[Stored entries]
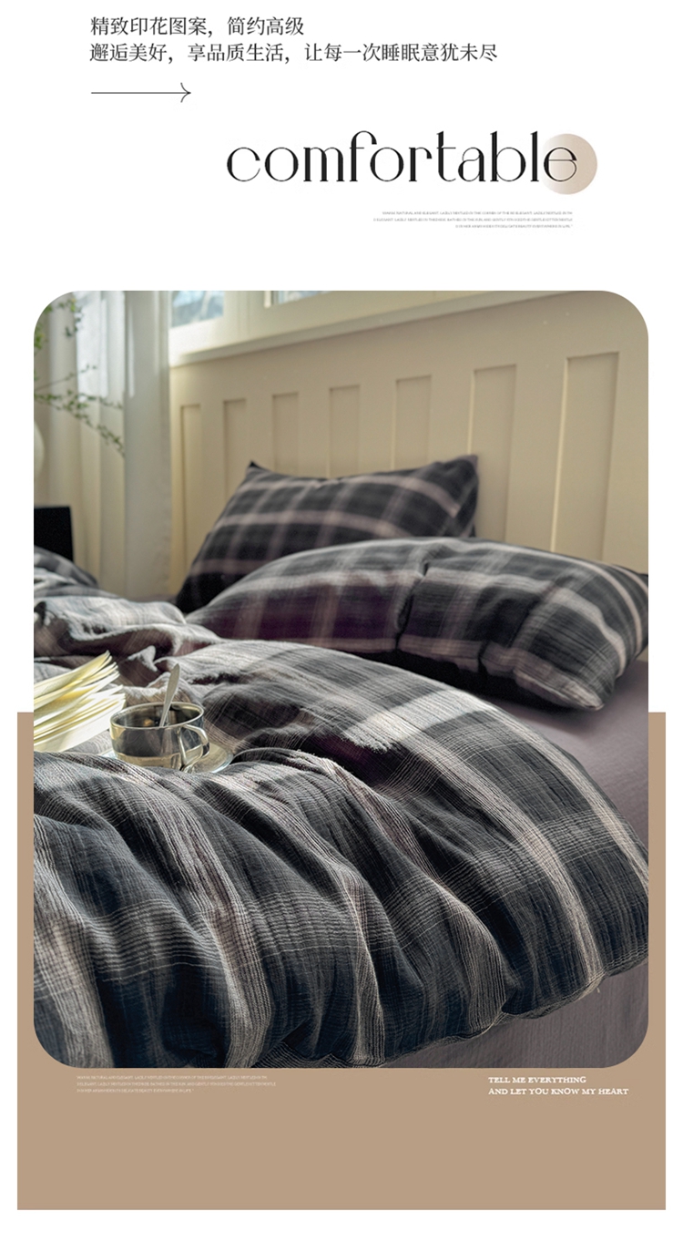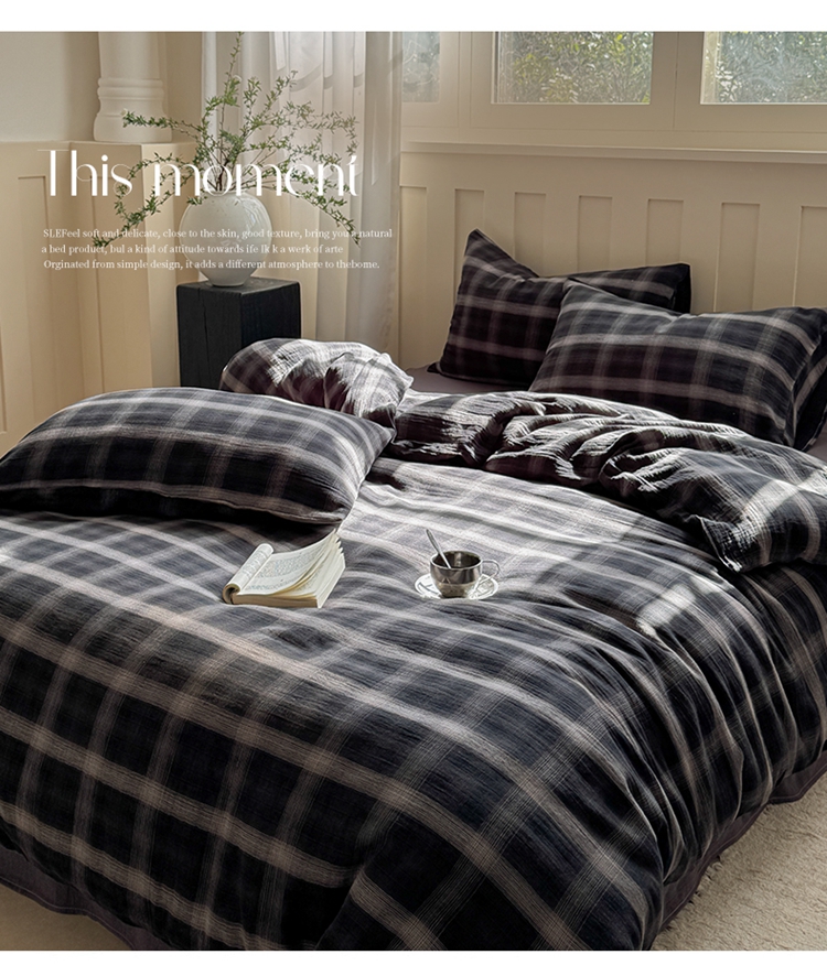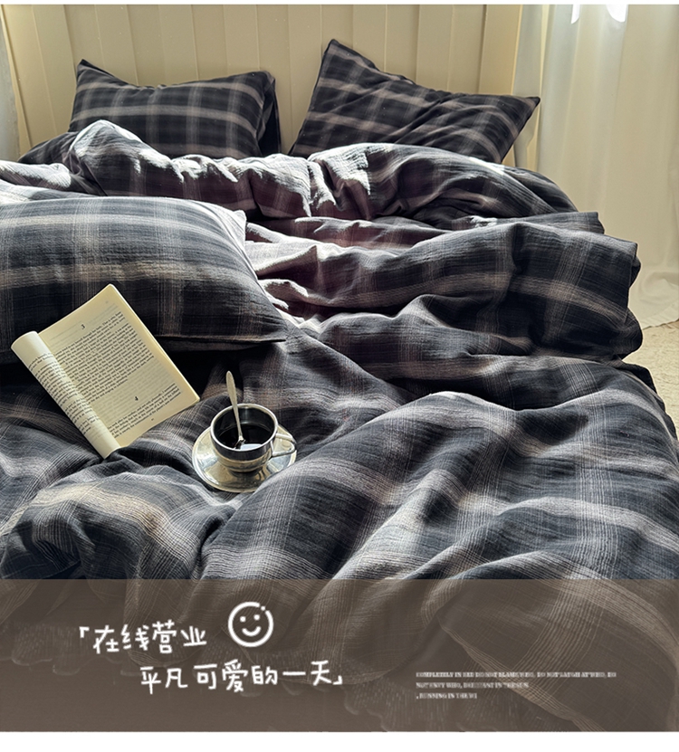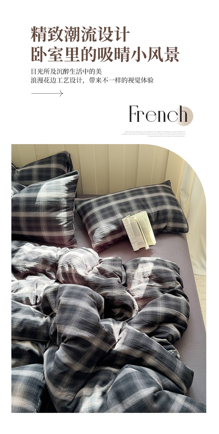 萝莉家纺 2025新款复古全棉A类色织双层纱皱皱纱格子四件套 黑大格
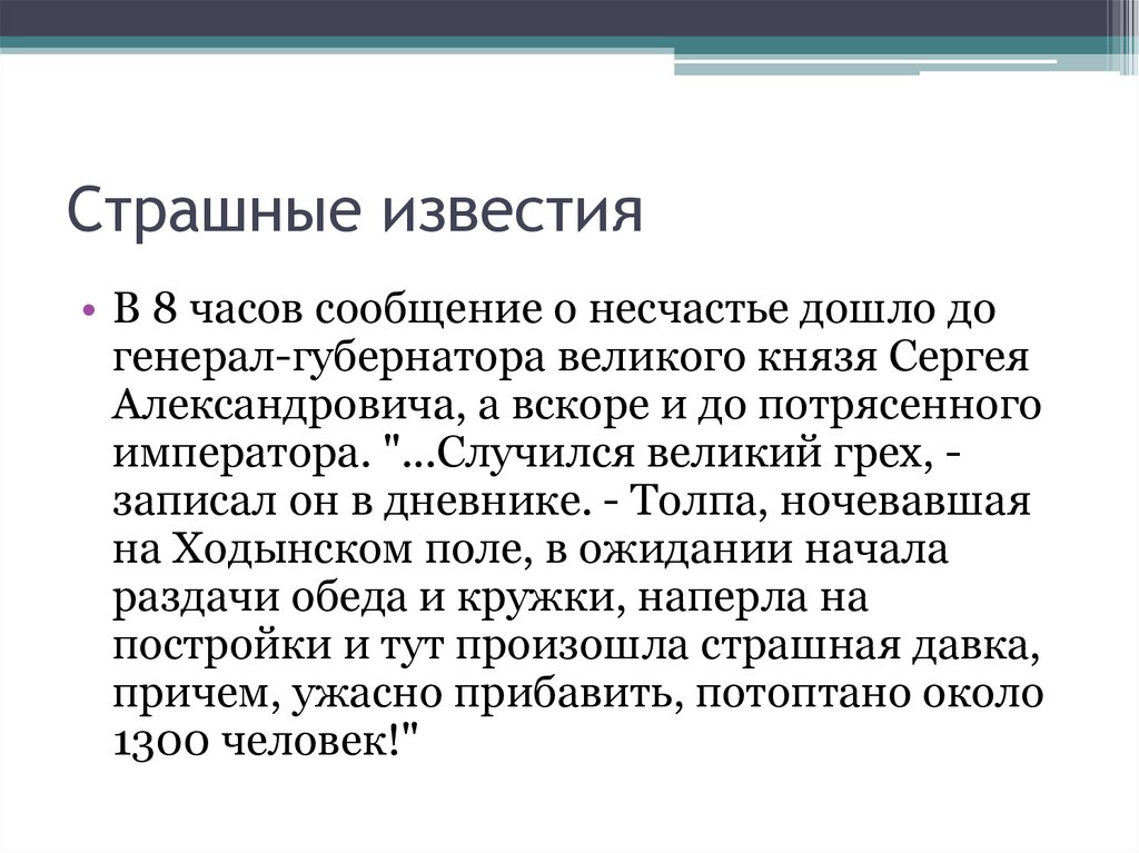 Страшные известия• В 8 часов сообщение о несчастье дошло до
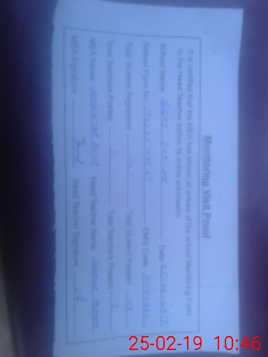 | Certified that this School was Inspected by the Undersigned MEA/DMO Today and the Information Stated Above is as Per Record. | |||||
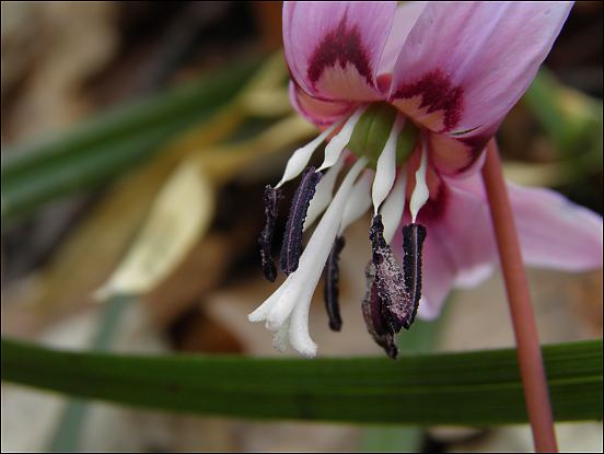 kompakt, má objektiv s fyzickou ohniskovou vzdáleností 4,9 až 147 mm, tedy kratičkou, to makro má dva režimy, vnitřek kytičky jsem fotil v supermakru na vzdálenost cca 1 cm. Na té věci které se tuším říká blizna vidíme zrnka pylu, co víc si přát? Na kliknutí vidíte plnou velikost obrázku.
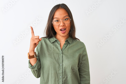 Young chinese woman wearing green shirt and glasses over isolated white background pointing finger up with successful idea. Exited and happy. Number one.
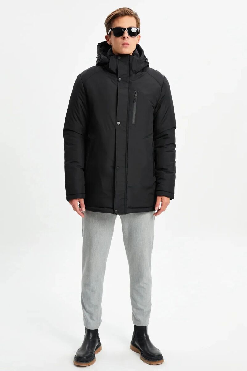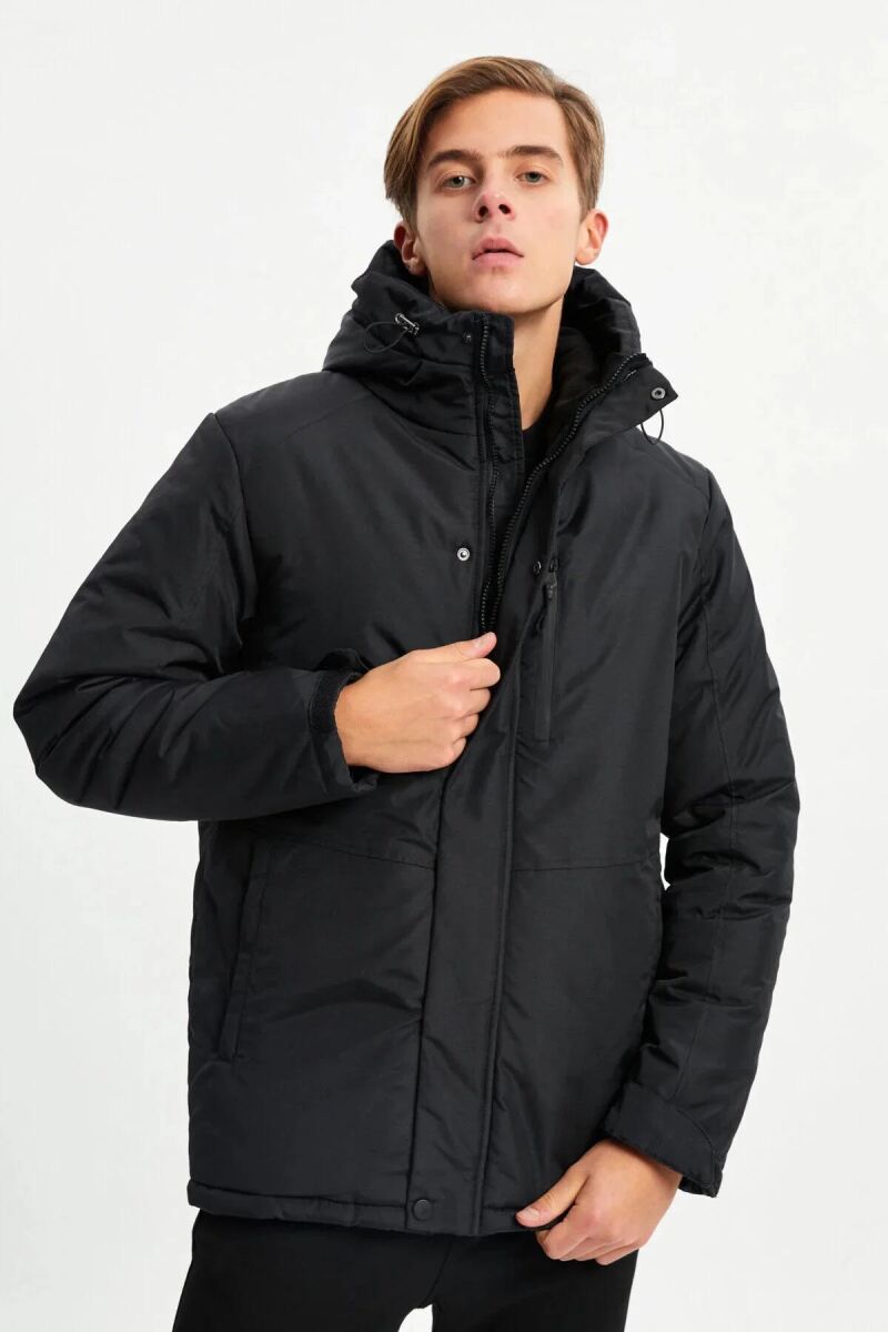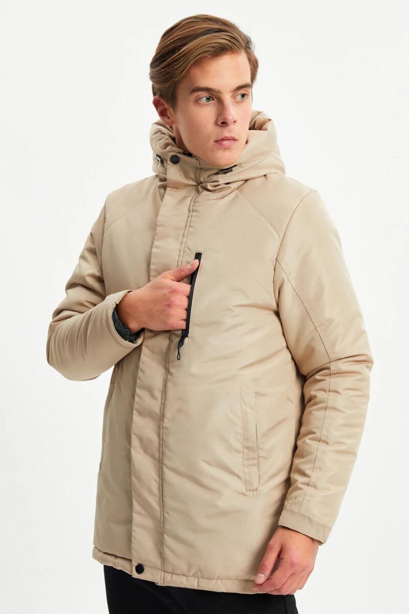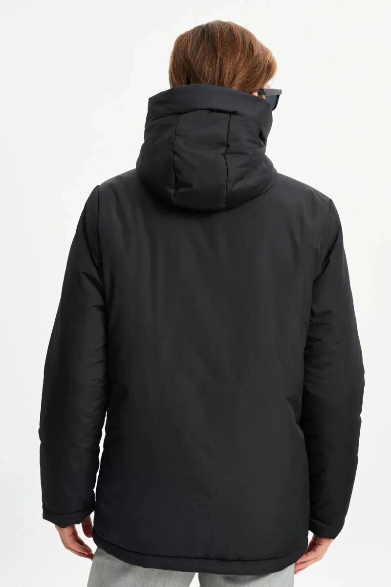 İçi Astarlı Su ve Rüzgar Geçirmez Cepli Kapüşonlu Erkek Mont
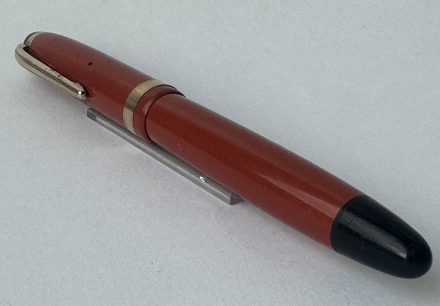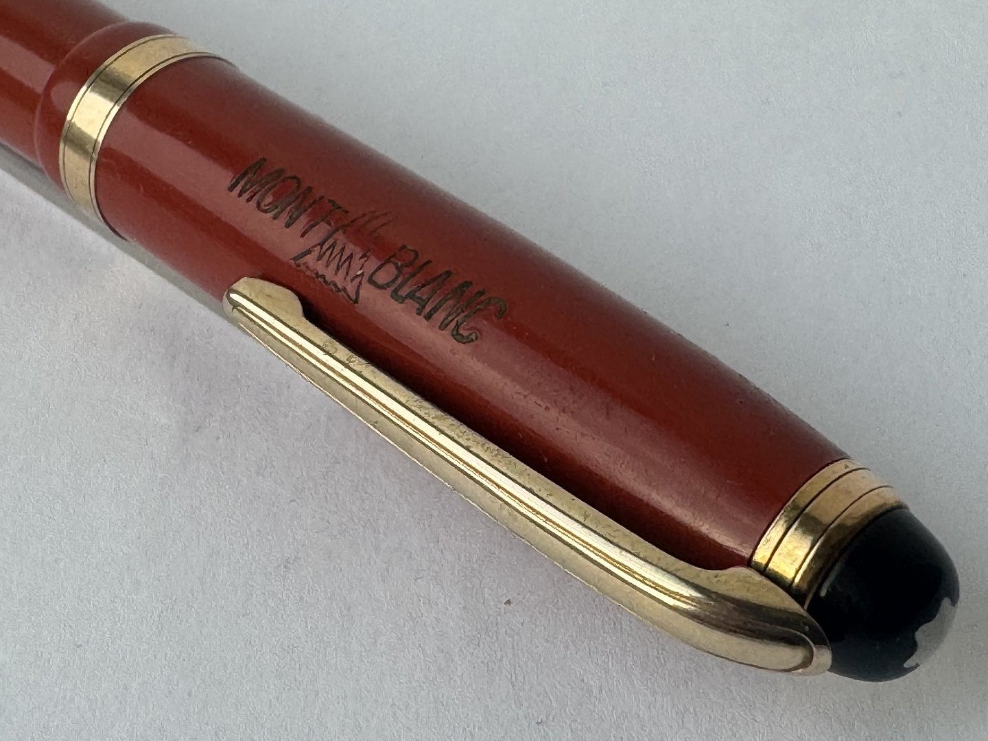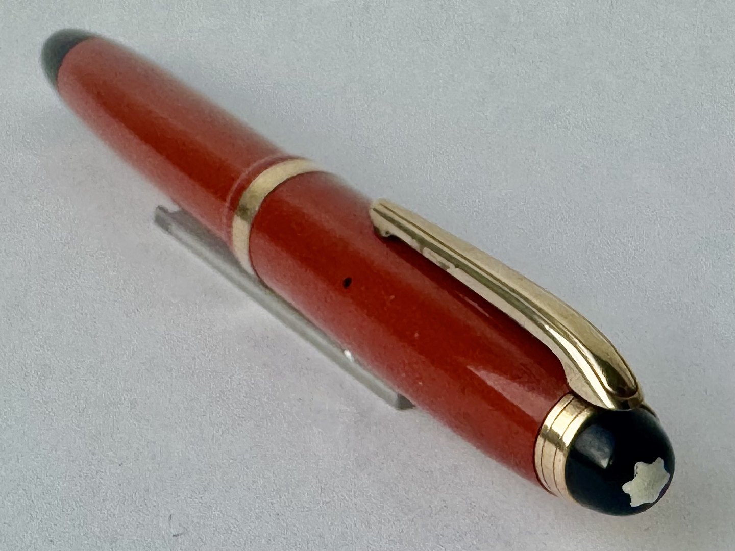 Koralrød Montblanc no. 212 fyldepen. Fremstår i god stand uden skader eller reparationer. Hætten mærket med MONTBLANC den lille sorte bundskrue med modelnummeret 212. Der skal indsættes en ny gummisæk, før end den igen kan optage blæk og skrive påny.

» Task: All of the entries above should be retyped exactly, with the pictures left out.

» Written response:
 萝莉家纺 2025新款复古全棉A类色织双层纱皱皱纱格子四件套 黑大格
 Страшные известия• В 8 часов сообщение о несчастье дошло до
 | Certified that this School was Inspected by the Undersigned MEA/DMO Today and the Information Stated Above is as Per Record. | |||||
 kompakt, má objektiv s fyzickou ohniskovou vzdáleností 4,9 až 147 mm, tedy kratičkou, to makro má dva režimy, vnitřek kytičky jsem fotil v supermakru na vzdálenost cca 1 cm. Na té věci které se tuším říká blizna vidíme zrnka pylu, co víc si přát? Na kliknutí vidíte plnou velikost obrázku.
 Young chinese woman wearing green shirt and glasses over isolated white background pointing finger up with successful idea. Exited and happy. Number one.
 İçi Astarlı Su ve Rüzgar Geçirmez Cepli Kapüşonlu Erkek Mont
 Koralrød Montblanc no. 212 fyldepen. Fremstår i god stand uden skader eller reparationer. Hætten mærket med MONTBLANC den lille sorte bundskrue med modelnummeret 212. Der skal indsættes en ny gummisæk, før end den igen kan optage blæk og skrive påny.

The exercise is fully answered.